ROUND 6 (No. 182 overall): RHP Jonathan Holder, Mississippi State University
Holder often followed lefty Jacob Lindgren out of the Mississippi State bullpen in 2014, and now he follows him as a draft pick of the New York Yankees.

The 6-foot-2 Holder, who turns 21 on Monday, was one of the most dominant closers in college baseball over his three years. As a sophomore in 2013, he pitched to a 1.65 ERA and set a school record (and tied the SEC record) with 21 saves, earning both first team All-SEC and consensus All-American honors, and in 2014, the preseason All-American was 7-1 with a 2.22 ERA and seven saves in 23 appearances and struck out 71 batters in 52 2/3 innings.

ROUND 7 (No. 212 overall): OF Mark Payton, University of Texas
A four-year starter in the Longhorns' outfield, Payton is the first 2014 Yankees draft pick to have exhausted his amateur eligibility. He's also the first to still be playing, as Texas is set for a Super Regional showdown with the University of Houston this weekend for a berth in the College World Series.

Payton, a righty batter/righty thrower, has played in all 60 of Texas' games heading into the Super Regional, hitting .318 with a team-leading 36 RBI and 19 steals in 20 attempts. He was a Big 12 All-Freshman team selection in 2011, a second team All-Big 12 choice as a sophomore in 2012 (when he hit .322 and did not record an error), and was a unanimous first team All-Big 12 choice in 2013 after hitting .393 (good for 12th in the nation) with a .483 on-base percentage and .545 slugging percentage of .545.

ROUND 8 (No. 242 overall): 1B Connor Spencer, UC-Irvine
Like seventh-round pick Payton, the lefty-hitting/righty-throwing Spencer is still playing, as UC-Irvine will face Oklahoma State in an NCAA Super Regional this weekend.

The 6-foot-2 junior was a second-team All-Big West selection last year after leading the league with a .373 batting average, and he was voted a preseason first-team All-American by the National Collegiate Baseball Writers Association this year. He has so far lived up to the hype, starting all 61 of the Anteaters' games heading into the Super Regional and batting .364 while leading the team in hits (84), doubles (15), RBI (43), and stolen bases (7).

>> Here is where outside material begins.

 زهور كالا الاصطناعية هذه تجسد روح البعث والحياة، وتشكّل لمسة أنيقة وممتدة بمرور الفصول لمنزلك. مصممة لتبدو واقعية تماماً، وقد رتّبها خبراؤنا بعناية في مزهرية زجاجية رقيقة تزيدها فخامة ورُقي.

He was also named the Most Outstanding Player of this year's Corvallis Regional, hitting .400 with five RBI in four games to help UC-Irvine top national No. 1 seed Oregon State and advance to the Super Regional.

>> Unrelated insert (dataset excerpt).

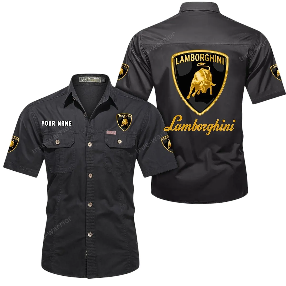 Lamborghini Short Sleeved Shirt, All Over Print Button Shirt CAR444052625840 – Black
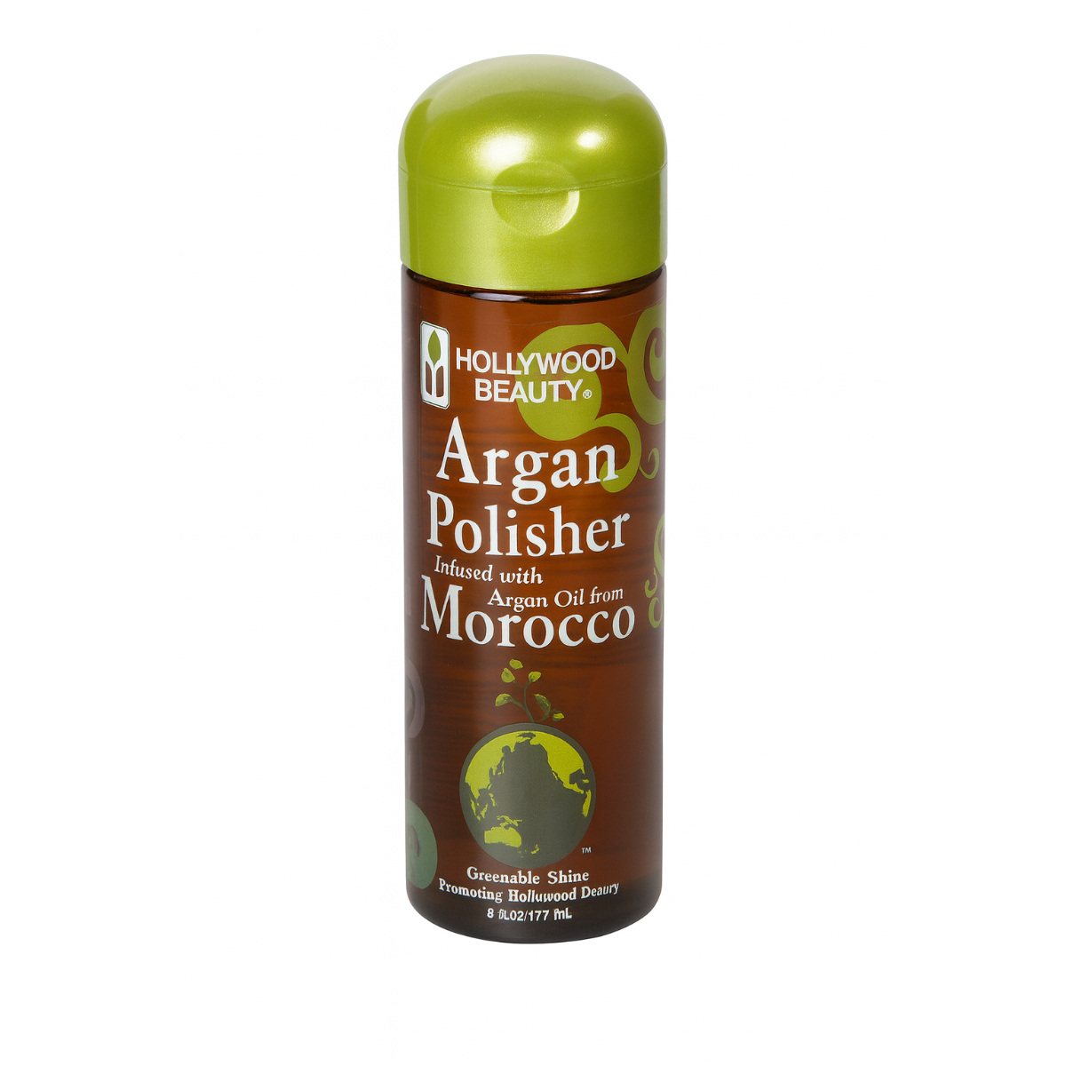 £7.99Description Hollywood Beauty Argan Polisher enriched with Argan Oil from Morocco. Calms frizz and adds moisture to dry, damaged hair as well as adds shine. Smoothes and conditions hair.

ROUND 9 (No. 272 overall): SS Vince Conde, Vanderbilt University
Someone has to take Derek Jeter's spot in the Bronx after this year, and Vince Conde - who will lead Vanderbilt into NCAA Super Regional play against Stanford this weekend - is the latest possibility to be thrown into the mix, something that surely thrills the Oviedo, Florida native who grew up a Yankees fan according to his school bio.

Conde, a right-handed hitting junior, was a three-year starter for the Commodores who moved from third base to shortstop early in the 2013 season. This year, Conde earned first-team All-SEC honors and has hit .301 with four homers and 45 RBI and posted a .983 fielding percentage through the Commodores' first 63 games heading into the Super Regional.

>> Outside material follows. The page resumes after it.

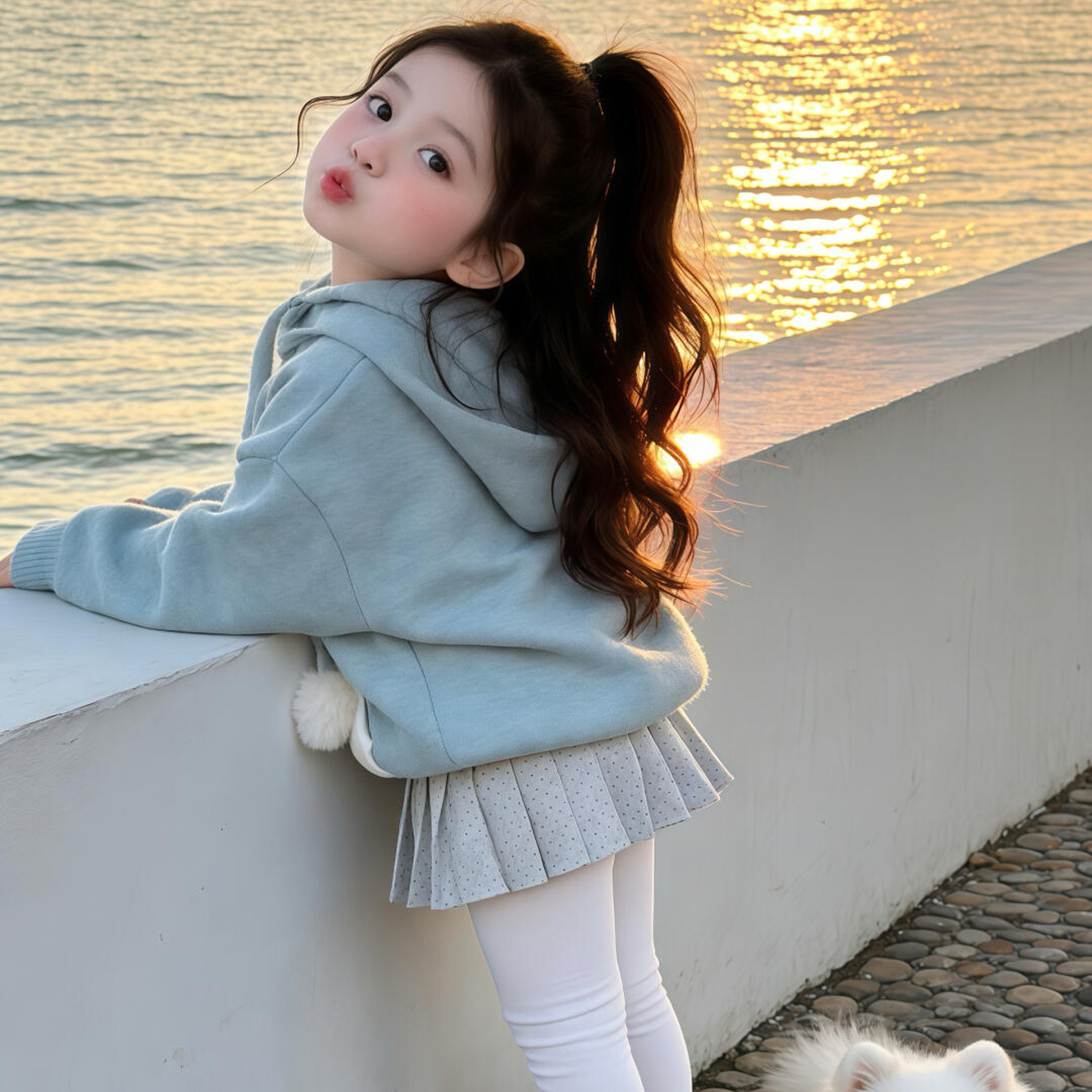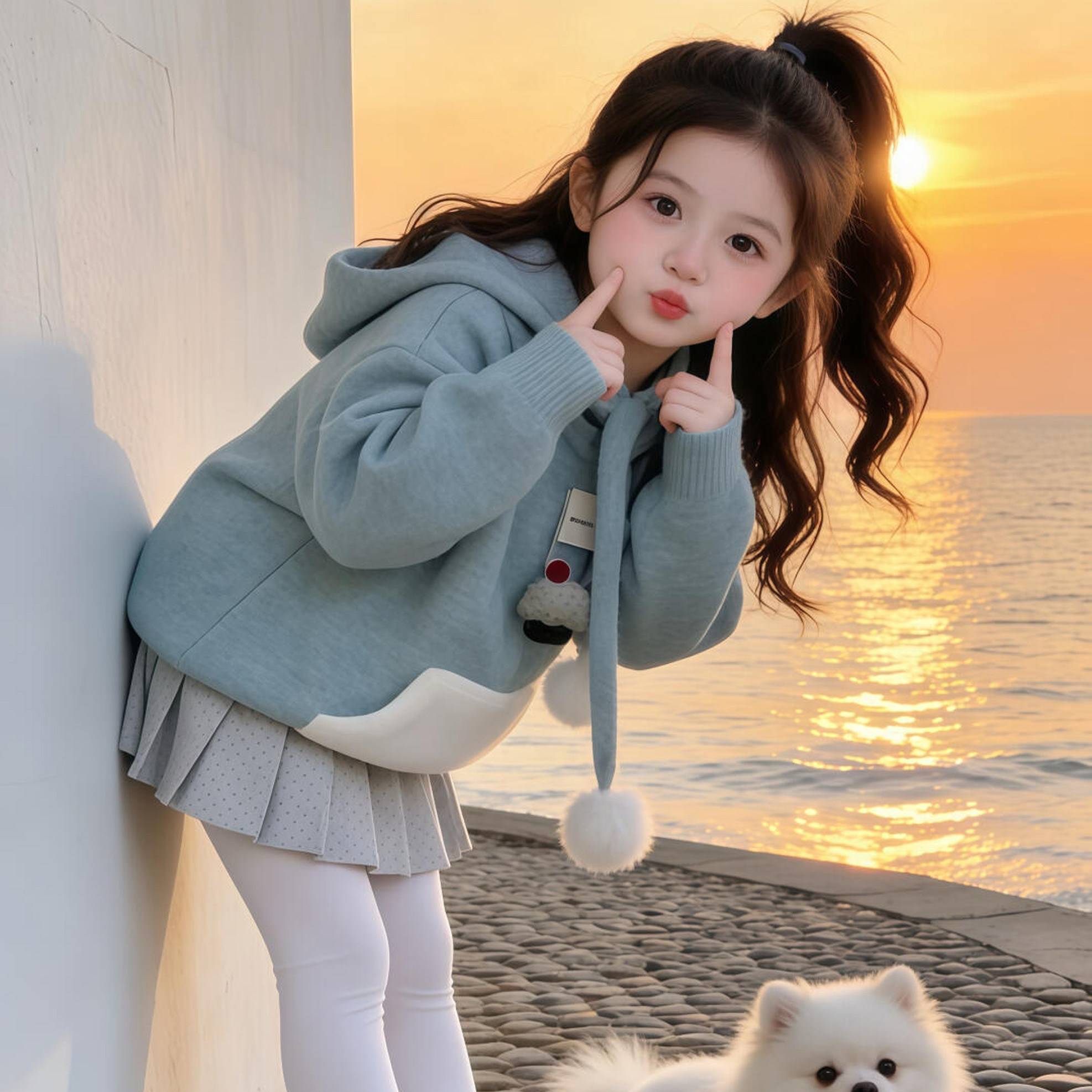 女童套装冬季2025新款女宝宝连帽套头保暖毛衣儿童裙裤两件套冬天

ROUND 10 (No. 302 overall): 2B Ty McFarland, James Madison University
After nabbing a shortstop in Round 9, the Yankees used their final pick of Day 2 to nab a second baseman in McFarland, who spent the last four years playing for head coach and father Joe "Spanky" McFarland in Harrisonburg.

A lefty-hitting senior, McFarland is the first-ever Yankees draftee from JMU, and he had quite the career with the Dukes; he started it by earning a CAA All-Rookie selection and Louisville Slugger Freshman All-American honors in 2011 and ended with a first-team All-CAA selection in 2014, marking his third appearance on the All-CAA roll.

A career .315 hitter and four-year starter for the Dukes, McFarland led JMU in batting average (.317), slugging percentage (.507), runs scored (47), hits (72), home runs (9), and total bases (115) this spring, finishing in the conference Top 10 in the latter four categories.